**Your task**
Copy the records below in full and leave every image out of the copy.

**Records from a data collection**
::::
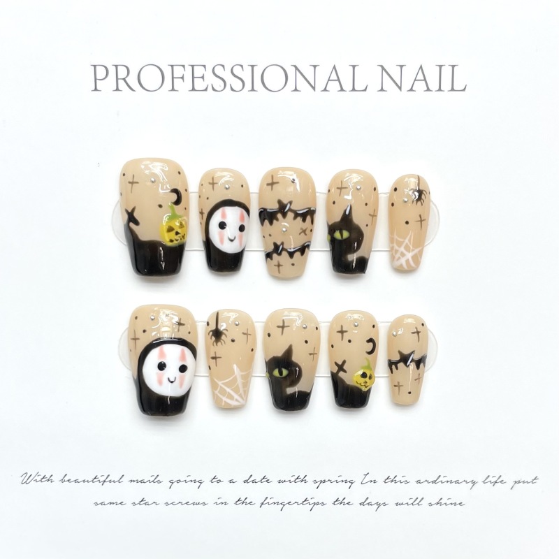Get ready to slay the Halloween season with our exclusive(Playful Pumpkin) press-on nail set! Designed to capture the fun and eerie spirit of the holiday, these nails are your ultimate accessory for any party, trick-or-treating, or festive photoshoot. Forget messy salons—achieve a flawless, long-lasting manicure in minutes, right at home!
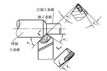 在切削平面中測(cè)量的主切削刃與基面之間的夾角。當(dāng)?shù)都馐乔邢魅猩献罡唿c(diǎn)時(shí),規(guī)定λs為正值;刀尖是切削刃上最低點(diǎn)時(shí),規(guī)定λs為負(fù)值。
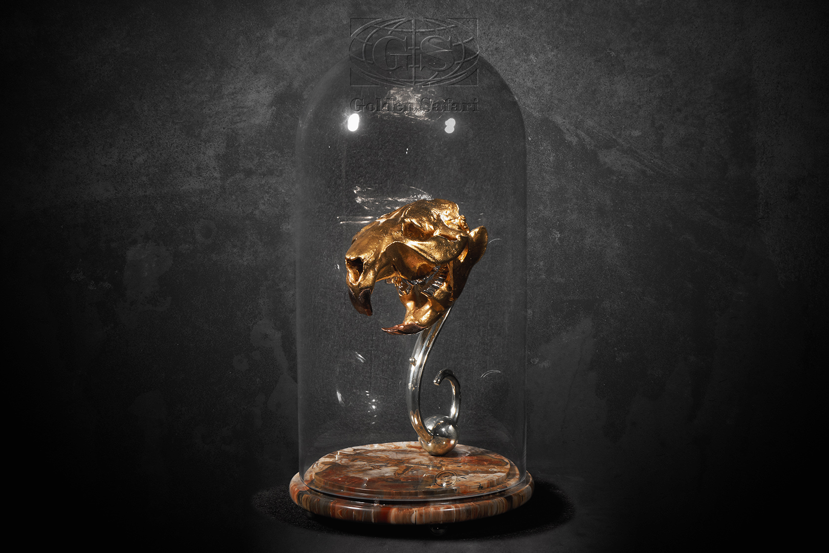 Код изделия / Item code ................................................. 1.1.03.001.0001.4670 Количество скульптур в серии / Number of sculptures in the series .............. 1 Материал / Material ................................................................................ Ag .925° Вес / The weight .................................................................................... 230,11 г/g Черепная часть скульптуры покрыта золотом ..................................... Au .999° Gold-plating of the cranial part of sculpture ......................................... Au .999° Медальон выполнен из окаменелого дерева Pedestal: Petrified wood
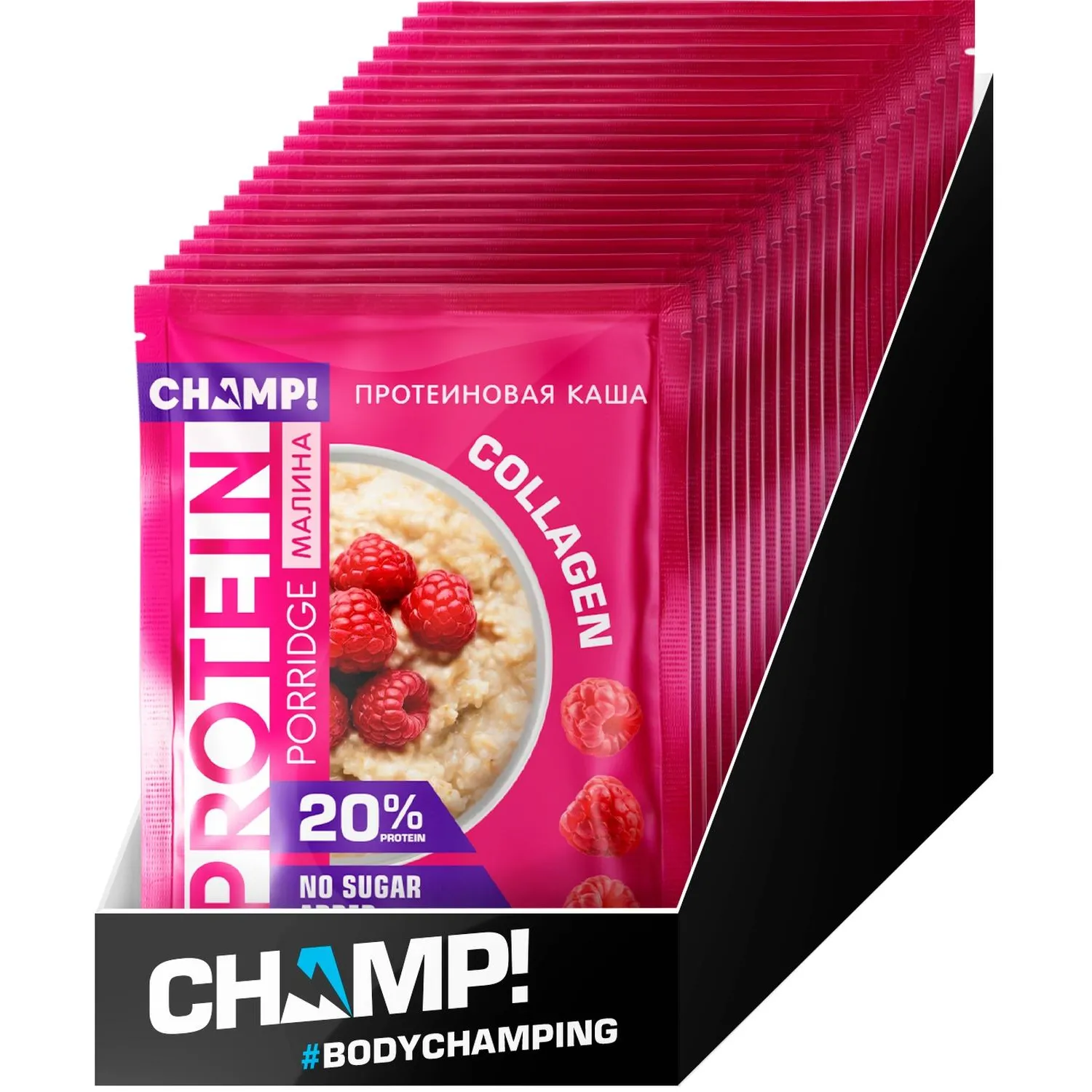 Каша протеиновая CHAMP! овсяная со льном малина пакет 40г x10шт/уп
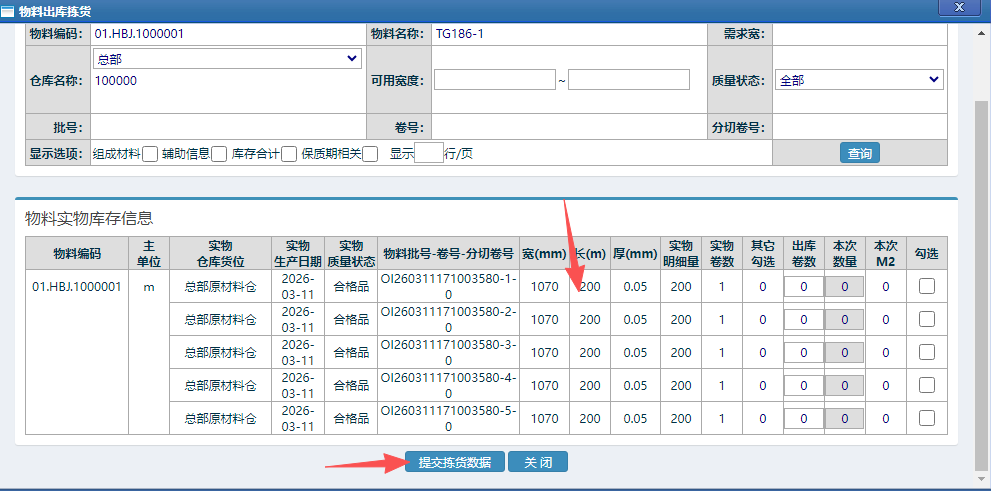 用物料名称查询定位,选中物料后,如下图所示:
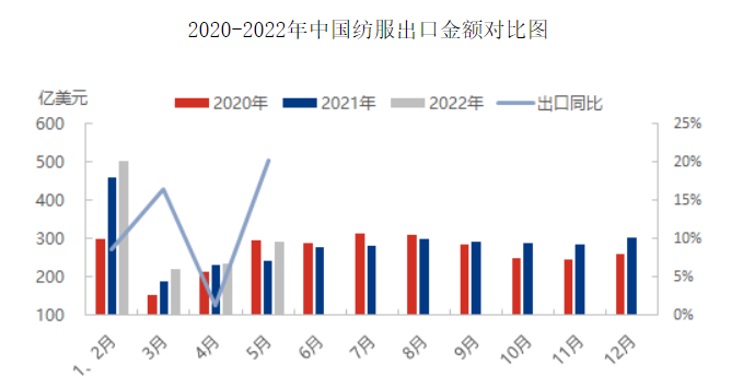 三是外贸基本面向好趋势明显。据海关统计,2022年5月中国纺织品服装出口292.3亿美元,同比增长20.4%,环比增长23.9%。1-5月,全国纺织品服装出口1250.7亿美元,同比增长11.2%。数据对比来看,我国纺织品出口金额同比均高于2021年同期。我国疫情率先得到良好控制,我国纺织品服装出口存一定优势。
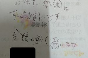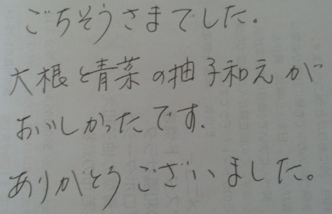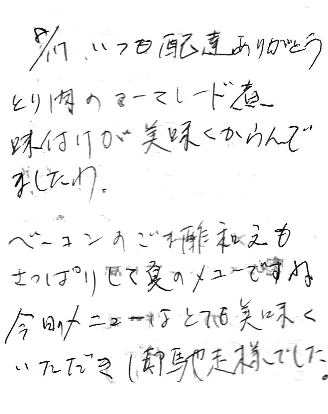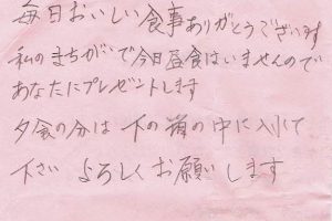 お客様の声2023.02.05 LIFEDELI ライフデリ京都北店にお手紙を頂戴しました! ライフデリ京都北店へのお手紙をご紹介します。 「久しぶりの雪 足元のわるい中 配達して頂いて ありがとうございます」とのことです。 開店時に近隣店より引継ぎを受けたお客様です。普段は非接触で玄関先へ置き配するお客様ですが、先日の大雪の際に返却の食器にお手紙を同封頂きました。 京都市北区でご高齢向けのお弁当をお探しの方、糖尿病・腎臓病の方は是非、高齢者配食サービスのライフデリ京都北店にお任せ下さい。
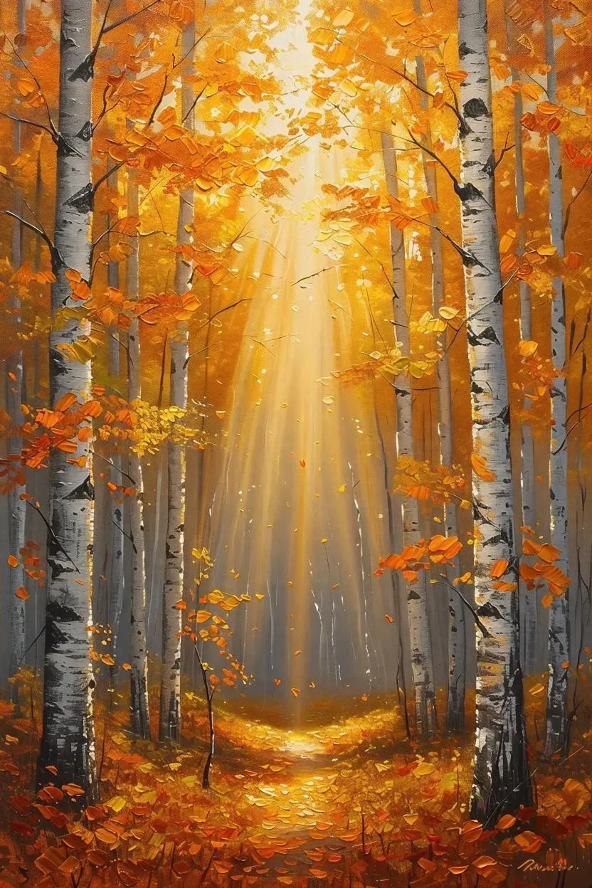 Vibrant AI-generated acrylic painting of an autumn birch forest with golden sunlight filtering through orange leaves. Transform text prompts into serene seasonal art using vivago.ai's AI tools for professional-grade visuals, capturing intricate details and a tranquil atmosphere.
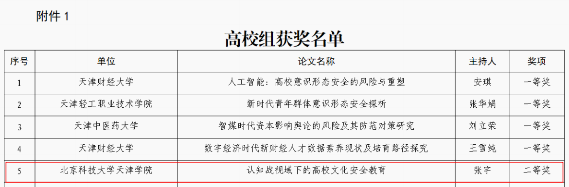 近日,天津市教育两委公布全面加强国家安全教育论文获奖名单,mg4355官网教师张宇撰写的论文《认知战视域下的高校文化安全教育》荣获市级二等奖第一名。
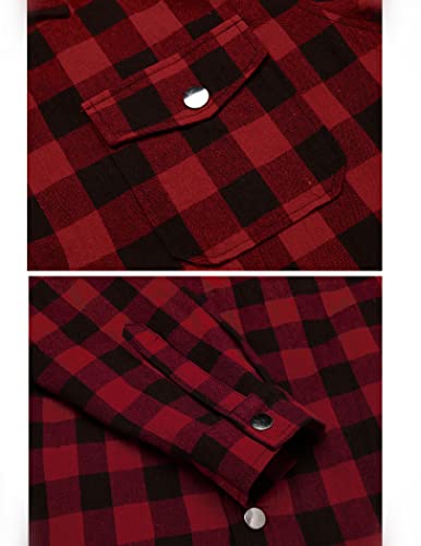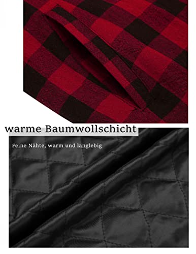 Coofandy Camicia da Uomo con Fodera Scozzese Camicia da Boscaiolo Invernale Giacca da Camicia Termica Cappotto Giacca Invernale (S, Rosso)
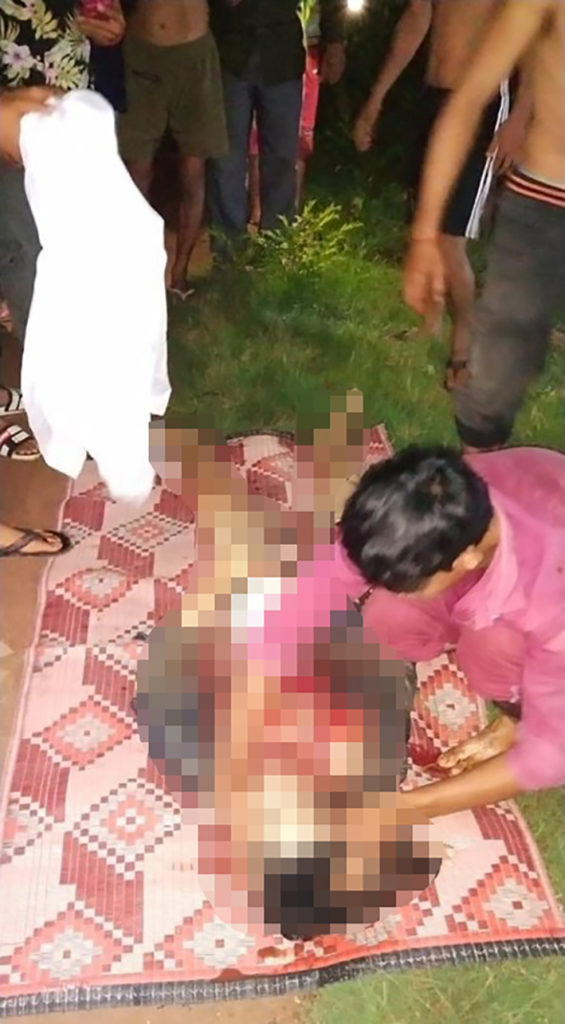 ប្រភពដដែលបានបន្តថា លុះនៅមុនពេលកើតហេតុ កាលពីវេលាម៉ោង៧និង៣០នាទីយប់ ថ្ងៃទី០៥ ខែសីហា ឆ្នាំ២០១៩ ស្ត្រីរងគ្រោះទើបតែមកពីទិញបង្អែមនៅចំណុចផ្លូវលំច្រកចូលផ្ទះ ស្រាប់តែបុរសជាប្តីដែលបានលាក់ខ្លួន ចេញមកដោយដៃមានកាន់កាំបិតផ្គាក់ផងនោះ បានកាប់ទៅលើប្រពន្ធជាច្រើនកាំបិត ចំបំពង់កនិងកញ្ចឹងកស្លាប់ រួចហើយប្តីកំណាចរូបនេះបានទាញសពប្រពន្ធទម្លាក់ចូលប្រឡាយទឹកលូតែម្តង ហើយបានរត់គេចខ្លួនបាត់ស្រមោល។
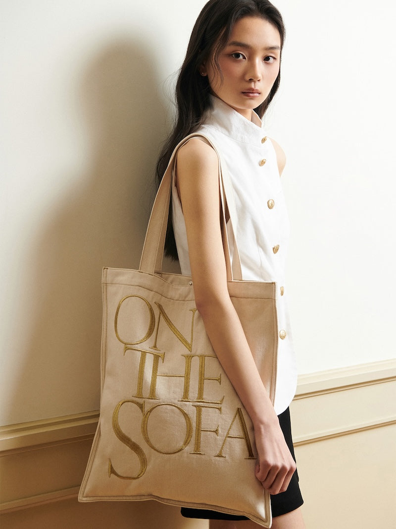 Elevating from our signature tote, Sofa baobao Helios and Artemis derive their names from the personifications of the Sun and the Moon in ancient Greek mythology. Crafted from heavy-weight canvas intricately embroidered with metallized logos and threads, they shimmer with the ethereal glow of dawn and dusk. Style with them for a combination of elegance and ease.
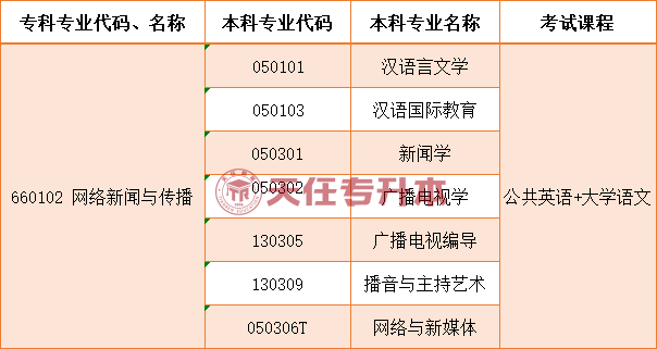 以上就是关于“专科读网络新闻与传播专业,专升本可以学哪些专业?”简要介绍了,希望大家河南专升本考试能够取得自己心仪的成绩。如有更多想要知道河南专升本常见问题的相关资讯,如专升本招生学校、考试动态、考试科目、招生专业等。敬请关注天任专升本!
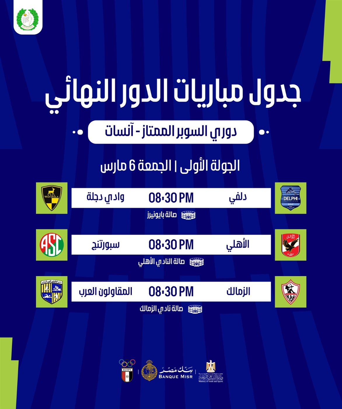 صالة نادي المقاولون العرب – 6:00 مساءً
::::
**Response**
Get ready to slay the Halloween season with our exclusive(Playful Pumpkin) press-on nail set! Designed to capture the fun and eerie spirit of the holiday, these nails are your ultimate accessory for any party, trick-or-treating, or festive photoshoot. Forget messy salons—achieve a flawless, long-lasting manicure in minutes, right at home!
 在切削平面中測(cè)量的主切削刃與基面之間的夾角。當(dāng)?shù)都馐乔邢魅猩献罡唿c(diǎn)時(shí),規(guī)定λs為正值;刀尖是切削刃上最低點(diǎn)時(shí),規(guī)定λs為負(fù)值。
 Код изделия / Item code ................................................. 1.1.03.001.0001.4670 Количество скульптур в серии / Number of sculptures in the series .............. 1 Материал / Material ................................................................................ Ag .925° Вес / The weight .................................................................................... 230,11 г/g Черепная часть скульптуры покрыта золотом ..................................... Au .999° Gold-plating of the cranial part of sculpture ......................................... Au .999° Медальон выполнен из окаменелого дерева Pedestal: Petrified wood
 Каша протеиновая CHAMP! овсяная со льном малина пакет 40г x10шт/уп
 用物料名称查询定位,选中物料后,如下图所示:
 三是外贸基本面向好趋势明显。据海关统计,2022年5月中国纺织品服装出口292.3亿美元,同比增长20.4%,环比增长23.9%。1-5月,全国纺织品服装出口1250.7亿美元,同比增长11.2%。数据对比来看,我国纺织品出口金额同比均高于2021年同期。我国疫情率先得到良好控制,我国纺织品服装出口存一定优势。
 お客様の声2023.02.05 LIFEDELI ライフデリ京都北店にお手紙を頂戴しました! ライフデリ京都北店へのお手紙をご紹介します。 「久しぶりの雪 足元のわるい中 配達して頂いて ありがとうございます」とのことです。 開店時に近隣店より引継ぎを受けたお客様です。普段は非接触で玄関先へ置き配するお客様ですが、先日の大雪の際に返却の食器にお手紙を同封頂きました。 京都市北区でご高齢向けのお弁当をお探しの方、糖尿病・腎臓病の方は是非、高齢者配食サービスのライフデリ京都北店にお任せ下さい。
 Vibrant AI-generated acrylic painting of an autumn birch forest with golden sunlight filtering through orange leaves. Transform text prompts into serene seasonal art using vivago.ai's AI tools for professional-grade visuals, capturing intricate details and a tranquil atmosphere.
 近日,天津市教育两委公布全面加强国家安全教育论文获奖名单,mg4355官网教师张宇撰写的论文《认知战视域下的高校文化安全教育》荣获市级二等奖第一名。
 Coofandy Camicia da Uomo con Fodera Scozzese Camicia da Boscaiolo Invernale Giacca da Camicia Termica Cappotto Giacca Invernale (S, Rosso)
 ប្រភពដដែលបានបន្តថា លុះនៅមុនពេលកើតហេតុ កាលពីវេលាម៉ោង៧និង៣០នាទីយប់ ថ្ងៃទី០៥ ខែសីហា ឆ្នាំ២០១៩ ស្ត្រីរងគ្រោះទើបតែមកពីទិញបង្អែមនៅចំណុចផ្លូវលំច្រកចូលផ្ទះ ស្រាប់តែបុរសជាប្តីដែលបានលាក់ខ្លួន ចេញមកដោយដៃមានកាន់កាំបិតផ្គាក់ផងនោះ បានកាប់ទៅលើប្រពន្ធជាច្រើនកាំបិត ចំបំពង់កនិងកញ្ចឹងកស្លាប់ រួចហើយប្តីកំណាចរូបនេះបានទាញសពប្រពន្ធទម្លាក់ចូលប្រឡាយទឹកលូតែម្តង ហើយបានរត់គេចខ្លួនបាត់ស្រមោល។
 Elevating from our signature tote, Sofa baobao Helios and Artemis derive their names from the personifications of the Sun and the Moon in ancient Greek mythology. Crafted from heavy-weight canvas intricately embroidered with metallized logos and threads, they shimmer with the ethereal glow of dawn and dusk. Style with them for a combination of elegance and ease.
 以上就是关于“专科读网络新闻与传播专业,专升本可以学哪些专业?”简要介绍了,希望大家河南专升本考试能够取得自己心仪的成绩。如有更多想要知道河南专升本常见问题的相关资讯,如专升本招生学校、考试动态、考试科目、招生专业等。敬请关注天任专升本!
 صالة نادي المقاولون العرب – 6:00 مساءً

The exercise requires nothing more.